Comment by Douglas Berger, Psychiatrist in Tokyo, Japan
This is a good article, though with some fuzzy parts:
1. The authors go to great lengths to describe the difference in DSM-5 and ICD-10 diagnostic criteria for ADHD that differ in significant ways on at least 4 important comparison items, then later say that the “Best practices in diagnosing ADHD are well-established”, and that “rating scales lack specificity leading to a high false positive rate…”

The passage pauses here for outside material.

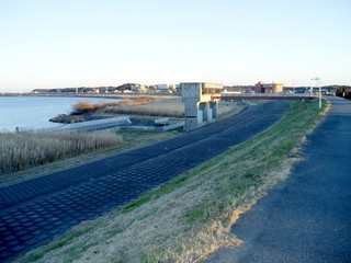 先週の日曜日はやはり安食にはたどり着いていませんでした。途中、橋の架設工事をやっているところがあり、そこどまりでした。今回は安食の見覚えのある水門まで到着。ここから利根川を離れて南下すれば、印旛沼-花見川という有名なサイクリングコースに向かえます。

What they mean to say, and should say, is that, “because psychiatric disorders are not fully proven by diagnostic criteria or rating scales, clinical suspicion along with response to interventions (usually medication) will help close-in on the likelihood of a specific diagnosis, although a diagnosis in psychiatry is never fully provable because there are no absolute objective physical markers (=biologic findings) that are specific for a diagnosis in an individual patient”.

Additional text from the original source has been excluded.